A job is another kind of resource that's exposed by the Kubernetes API. In the end, a job will create one or multiple Pods to execute a command defined by you. That's how jobs work: they launch Pods. You have to understand the relationship between the two: jobs are not independent of Pods, and they would be useless without Pods. In the end, the two things they are capable of are launching Pods and managing them. Jobs are meant to handle a certain task and then exit. Here are some examples of typical use cases for a Kubernetes job:

  • Taking a backup of a database
  • Sending an email
  • Consuming some messages in a queue

These are tasks you do not want to run forever. You expect the Pods to be terminated once they have completed their task. This is where the Jobs resource will help you.

But why bother using another resource to execute a command? After all, we can create one or multiple Pods directly that will run our command and then exit.

This is true. You can use a Pod based on a Docker image to run the command you want and that would work fine. However, jobs have mechanisms implemented at their level that allow them to manage Pods in a more advanced way. Here are some things that jobs are capable of:

  • Running Pods multiple times
  • Running Pods multiple times in parallel
  • Retrying to launch the Pods if they encountered any errors
  • Killing a Pod after a specified number of seconds

Another good point is that a job manages the labels of the Pods it will create so that you won't have to manage the labels on those Pods directly.

All of this can be done without using jobs, but this would be very difficult to manage. Fortunately for us, the Jobs resource exists, and we are going to learn how to use it now.

Creating a job with restartPolicy

Since creating a job might require some advanced configurations, we are going to focus on declarative syntax here. This is how you can create a Kubernetes job through YAML. We are going to make things simple here; the job will just echo Hello world:

# ~/hello-world-job.yaml

apiVersion: batch/v1

kind: Job

metadata:

  name: hello-world-job

spec:

  template:

    metadata:

      name: hello-world-job

    spec:

      restartPolicy: OnFailure

      containers:

      - name: hello-world-container

        image: busybox

        command: ["/bin/sh", "-c"]

        args: ["echo 'Hello world'"]

Pay attention to the kind resource, which tells Kubernetes that we need to create a job and not a Pod, as we did previously. Also, notice apiVersion:, which also differs from the one that's used to create the Pod. You can create the job with the following command:

$ kubectl create -f hello-world-job.yaml

As you can see, this job will create a Pod based on the Docker busybox image. This will run the echo 'Hello World' command. Lastly, the restartPolicy option is set to OnFailure, which tells Kubernetes to restart the Pod or the container in case it fails. If the entire Pod fails, a new Pod will be relaunched. If the container fails (the memory limit has been reached or a non-zero exit code occurs), the individual container will be relaunched on the same node because the Pod will remain untouched, which means it's still scheduled on the same machine.

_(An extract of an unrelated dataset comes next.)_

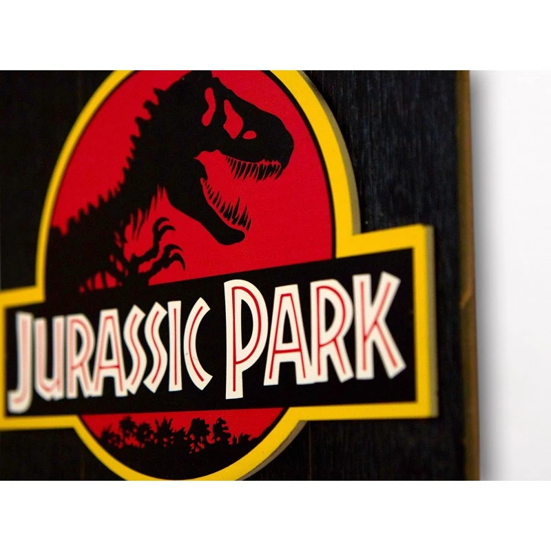 Este producto se basa en una imagen de la icónica portada de Jurassic Park (1993), mide 30 x 40 cm y viene listo para ser colgado mediante un cordel.

The restartPolicy parameter can take two options:

  • Never
  • OnFailure

Setting it to Never will prevent the job from relaunching the Pods, even if it fails. When debugging a failing job, it's a good idea to set restartPolicy to Never to help with debugging. Otherwise, new Pods might be recreated over and over, making your life harder when it comes to debugging.

In our case, there is little chance that our job was not successful since we only want to run a simple Hello world. To make sure that our job worked well, we can read its log. To do that, we need to retrieve the name of the Pod it created using the kubectl get Pods command. Then., we can use the kubectl logs command, as we would do with any Pods:

$ kubectl logs

Here, we can see that our job has worked well since we can see the Hello world message displayed in the log of our Pod. However, what if it had failed? Well, this depends on restartPolicy – if it's set to Never, then nothing would happen and Kubernetes wouldn't try to relaunch the Pods.

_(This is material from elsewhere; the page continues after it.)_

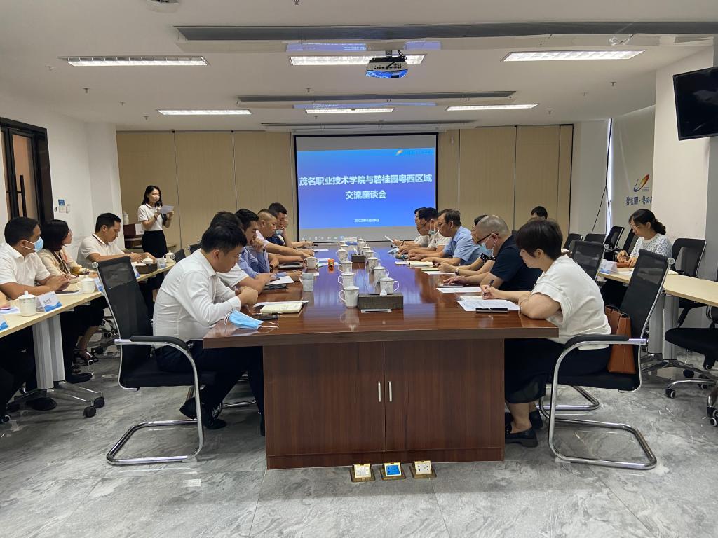 交流会上,黄永清对谈毅一行的到来表示热烈欢迎,并向大家介绍了碧桂园集团粤西区域近5年来的高速发展,尤其是智能建设方面的发展前景。黄永清表示,将结合茂职院土木工程系各专业特点,针对性的开展深度校企合作,实现企业与学校双赢局面。在交流中,碧桂园集团粤西区域郭英杰、营销总监李志铿、物业公司总经理陈鑫、入力总监杨学峰、办公室主任徐静、广东腾越建筑工程有限公司人力资源总监王博等公司领导作了相关业务交流,介绍了企业各部门的发展现状、产业优势以及未来的发展前景。校企双方还就土木工程系专业建设、人才培养方案、校企合作、产业工人培养、智能建造、学生认识实习、岗位实习、就业、双方合作互赢前景等方面进行了交流探讨,期待深度合作。

However, if restartPolicy was set to OnFailure, Kubernetes would try to restart the job after 10 seconds and then double that time on each new failure. 10 seconds, then 20 seconds, then 40 seconds, then 80 seconds, and so on. After 6 minutes, Kubernetes would give up.

Understanding the job's backoffLimit

By default, the Kubernetes job will try to relaunch the failing Pod 6 times during the next 6 minutes after its failure. You can change this limitation by changing the backoffLimit option. Here is the updated YAML file:

# ~/hello-world-job.yaml

apiVersion: batch/v1

kind: Job

metadata:

  name: hello-world-job

spec:

  backoffLimit: 3

  template:

    metadata:

      name: hello-world-job

    spec:

      restartPolicy: OnFailure

      containers:

      - name: hello-world-container

        image: busybox

        command: ["/bin/sh", "-c"]

        args: ["echo 'Hello world'"]

This way, the job will only try to relaunch the Pods twice after its failure.

Running a task multiple times using completions

You can also instruct Kubernetes to launch a job multiple times using the Job object.

You can do this by using the completions option to specify the number of times you want a command to be executed. The number of completions will create five different Pods that will be launched one after the other. Once one Pod has finished, the next one will be started. Here is the updated YAML file:

apiVersion: batch/v1

kind: Job

metadata:

  name: hello-world-job

spec:

  completions: 10

  template:

    metadata:

      name: hello-world-job

    spec:

      restartPolicy: OnFailure

      containers:

      - name: hello-world-container

        image: busybox

        command: ["/bin/sh", "-c"]

        args: ["echo 'Hello world'; sleep 3"]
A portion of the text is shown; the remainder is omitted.